▶ INFORMATION SHOWN:
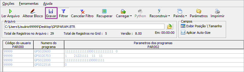 2- Ache o código do usuário com o problema (no exemplo é o 99999) e o número do programa GPS020700.
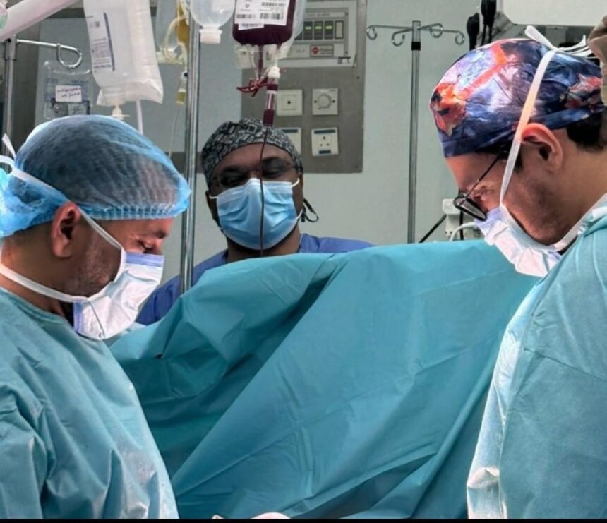 وبشكل عاجل، أُجري تدخل جراحي طارئ لاستكشاف الصدر والقلب، حيث تبين وجود إصابة نافذة في عضلة البطين الأيسر بطول 5 سم، إلى جانب تهتك في الرئة اليسرى وكسر في أحد الأضلاع. وتمكن الفريق من السيطرة على النزيف، وإصلاح القلب والرئة، وتثبيت الكسر باستخدام شريحة من التيتانيوم.
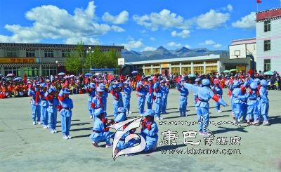 康定縣少先隊員代表藏區(qū)少先隊員參加央視“六一”晚會。
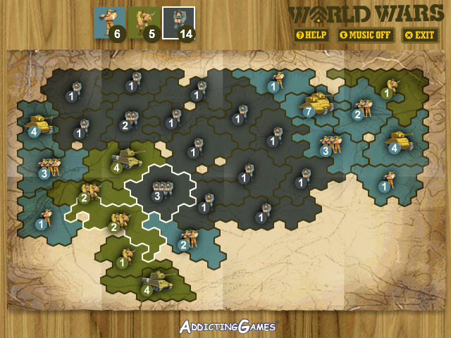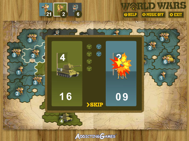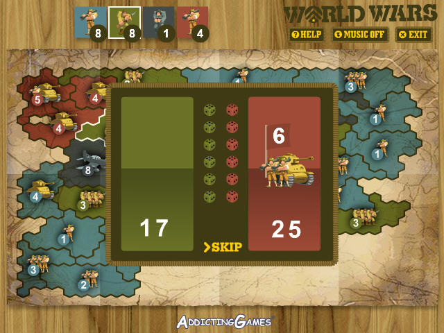 选择你自己的部队,然后去攻击相邻的敌方部队,部队数将决定玩家投的个数,总点数大的一方获胜。

▶ REQUIRED ACTION: Write all the lines above out again exactly, minus the images.

▶ YOUR SOLUTION:
 2- Ache o código do usuário com o problema (no exemplo é o 99999) e o número do programa GPS020700.
 وبشكل عاجل، أُجري تدخل جراحي طارئ لاستكشاف الصدر والقلب، حيث تبين وجود إصابة نافذة في عضلة البطين الأيسر بطول 5 سم، إلى جانب تهتك في الرئة اليسرى وكسر في أحد الأضلاع. وتمكن الفريق من السيطرة على النزيف، وإصلاح القلب والرئة، وتثبيت الكسر باستخدام شريحة من التيتانيوم.
 康定縣少先隊員代表藏區(qū)少先隊員參加央視“六一”晚會。
 选择你自己的部队,然后去攻击相邻的敌方部队,部队数将决定玩家投的个数,总点数大的一方获胜。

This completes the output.